Collected material –
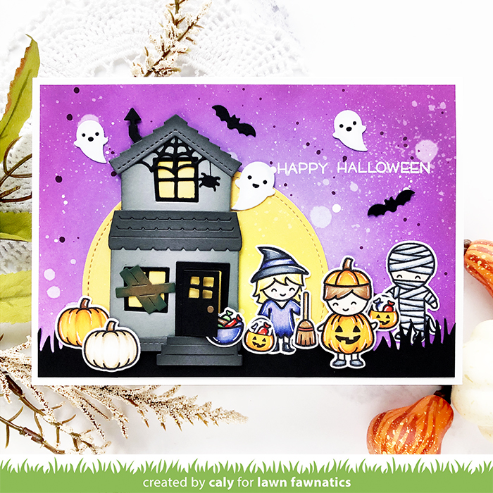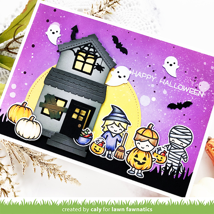 I’m not great with color challenges – but I definitely enjoyed creating a halloween scene for this challenge! My card today is a 5″x7″ card. The house fits great on an A2-sized card, but I couldn’t fit all my costume party buddies so I decided to make the card a little bit bigger.
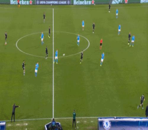 如果一定要分出高下,切尔西要稍好一点点,这体现在他们在将那不勒斯阵型抻开,包括通过争夺二点球来打转换的时候,还是可以在右半扇打出想要的配合:
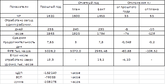 Полноту использования трудовых ресурсов можно оценить по количеству отработанных дней и часов одним работником за исследуемый период времени, а также по степени использования фонда рабочего времени (ФРВ).

Task item – The expected answer is an unaltered copy of the listing, images removed.

Problem solution –
 I’m not great with color challenges – but I definitely enjoyed creating a halloween scene for this challenge! My card today is a 5″x7″ card. The house fits great on an A2-sized card, but I couldn’t fit all my costume party buddies so I decided to make the card a little bit bigger.
 如果一定要分出高下,切尔西要稍好一点点,这体现在他们在将那不勒斯阵型抻开,包括通过争夺二点球来打转换的时候,还是可以在右半扇打出想要的配合:
 Полноту использования трудовых ресурсов можно оценить по количеству отработанных дней и часов одним работником за исследуемый период времени, а также по степени использования фонда рабочего времени (ФРВ).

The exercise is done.